# APA King OF the Rails South



## ppits (Sep 10, 2009)

Feb. 27,28 2010

KOR South - 1st Round
Location: Cartersville, GA
Surface / Format: Rails/Carpet/MWPP
Event Organizer: Gary Baslor
Chief Judge: Matt House
Sponsor(s): 
Prize(s): Medallions & Trophies
Weigh-ins: 7:30-9:30am
Start Time: 10:00am
Fees: $20.00 per dog

Directions: I-75 Exit 288, go west to 2nd traffic light. Turn right onto US 41 north. At 2nd traffic light turn left onto MLK Jr. Drive.

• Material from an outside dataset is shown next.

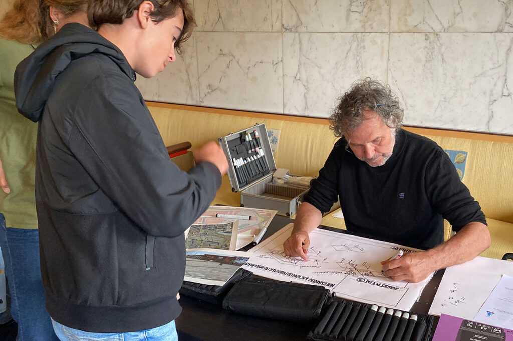 Over het martkplein van Hilversum wordt al jaren nagedacht. Hoe kunnen we de markt en evenementen laten doorgaan maar het plein ook meer vergroenen? De ideeën van de deelnemers werden verbeeld door Bert van der Meer, zoals  een rijdende overkapping met groen dak.

Fairgrounds are ahead on left
Lodging: Ramada Inn - 770-382-1515 / Days Inn - 770-382-1824 / Quality Inn - 770-382-7011
Other Information: American Legion Carl Boyd Post 42 Fairgrounds

Address: 1 Rosevelt St
Cartersville, GA 30120


----------



## smith family kennels (Jan 10, 2009)

--------------------------------------------------------------------------------

so somebody on a weight pull board is calling out all GA and TN people that have UKC GR CH / CH dogs and saying to bring it down to this show and show what your dogs really are. Sooo I guess those that apply your being called out lol


----------



## StaffyDaddy (Mar 28, 2009)

I would love to be there, but can't make it! hope you guys post some good pics! I will be competing at KOTR Midwest in May!


----------



## [email protected] (Feb 12, 2010)

*Can't wait to that weekend comes *

I'll be there with a male, 60lb class.


----------



## Black Rabbit (Nov 14, 2009)

Awesome you guys better get some pics for us


----------